INFORMATION PROVIDED:

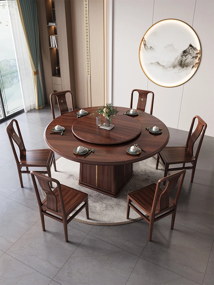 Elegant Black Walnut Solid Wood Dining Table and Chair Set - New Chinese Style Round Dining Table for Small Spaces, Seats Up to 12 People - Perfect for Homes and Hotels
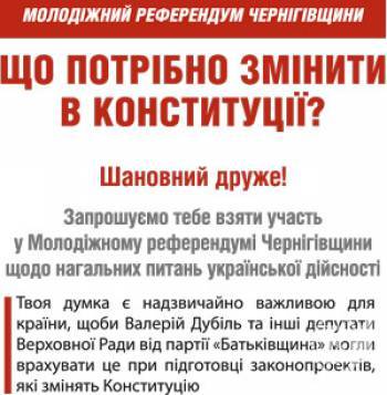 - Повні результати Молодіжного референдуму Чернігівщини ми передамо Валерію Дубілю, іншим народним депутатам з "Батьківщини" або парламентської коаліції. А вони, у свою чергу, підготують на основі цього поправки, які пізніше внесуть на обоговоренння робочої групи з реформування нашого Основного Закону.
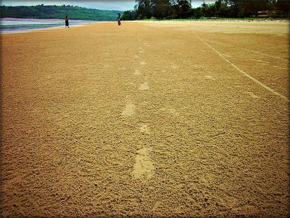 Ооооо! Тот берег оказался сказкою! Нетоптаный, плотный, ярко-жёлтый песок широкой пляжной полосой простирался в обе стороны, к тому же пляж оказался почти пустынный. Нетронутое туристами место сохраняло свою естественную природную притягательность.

WORK ITEM: Without any pictures, transcribe the listing above exactly as written.

EXERCISE OUTPUT:
 Elegant Black Walnut Solid Wood Dining Table and Chair Set - New Chinese Style Round Dining Table for Small Spaces, Seats Up to 12 People - Perfect for Homes and Hotels
 - Повні результати Молодіжного референдуму Чернігівщини ми передамо Валерію Дубілю, іншим народним депутатам з "Батьківщини" або парламентської коаліції. А вони, у свою чергу, підготують на основі цього поправки, які пізніше внесуть на обоговоренння робочої групи з реформування нашого Основного Закону.
 Ооооо! Тот берег оказался сказкою! Нетоптаный, плотный, ярко-жёлтый песок широкой пляжной полосой простирался в обе стороны, к тому же пляж оказался почти пустынный. Нетронутое туристами место сохраняло свою естественную природную притягательность.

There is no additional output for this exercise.